1. **table**: Required - pandas DataFrame or Arrow Table  
2. **file_format**: Required -  Required - can be on of "parquet" or "deltalake"
3. **path**: Required - The object storage location to store the dataset
4. **write_options**: Required - Options to write the files including: 
   1. ***partitions*** : Allows to specify which columns to use to split the dataset.
   2. ***compression_codec***: Allow to specify the compression codec (None, snappy, sz4, brotli, gzip, zstd)
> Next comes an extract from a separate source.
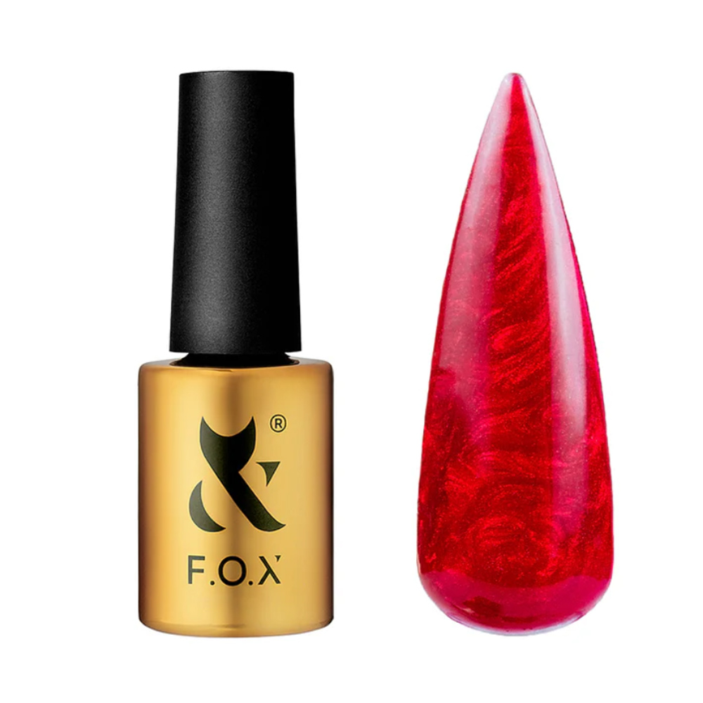 Гель-лак F.O.X Aurora 004 - гель-лак насиченого червоного відтінку, який має перламутровий ефект або мерехтливий відтінок, що нагадує перлини. Цей тип гель-лаку зазвичай використовується для створення елегантних і вишуканих манікюрів і педикюрів.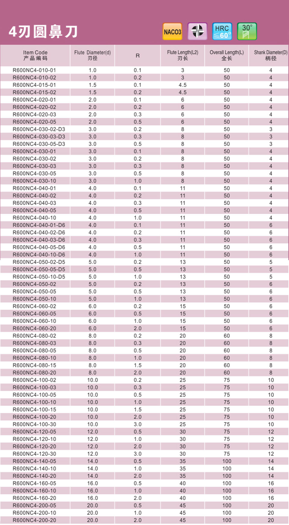 4刃小徑深溝圓鼻刀

   3. ***existing_data_behavior***:  Allows to specify how to handle data that already exists in the destination.

``` python
# Example writing parquet
gcsfs_object_storage.write(
                    table=table,
                    file_format="parquet",
                    path=path,
                    write_options=ParquetWriteOptions(
                        partitions=["col1", "col2", ...],
                        compression_codec="snappy",
                        existing_data_behavior="overwrite_or_ignore") # 'error', 'overwrite_or_ignore', 'delete_matching'
                    )
                    
# Example writing deltalake
gcsfs_object_storage.write(
                    table=table,
                    file_format="deltalake",
                    path=path,
                    write_options=DeltaLakeWriteOptions(
                        partitions=["col1", "col2", ...],
                        compression_codec="snappy",
                        existing_data_behavior="overwrite") # 'error', 'append', 'overwrite', 'ignore'
                    )
```

# Contributing
The Cloud Arrow library welcomes contributors from all developers, regardless of your experience or programming background.
If you find a bug, send a [pull request](https://github.com/a24lorie/PyACL/pulls) and we'll discuss things. If you are not familiar with "***pull request***" term I recommend reading the following [article](https://yangsu.github.io/pull-request-tutorial/) for better understanding
We value kind communication and building a productive, friendly environment for maximum collaboration and fun.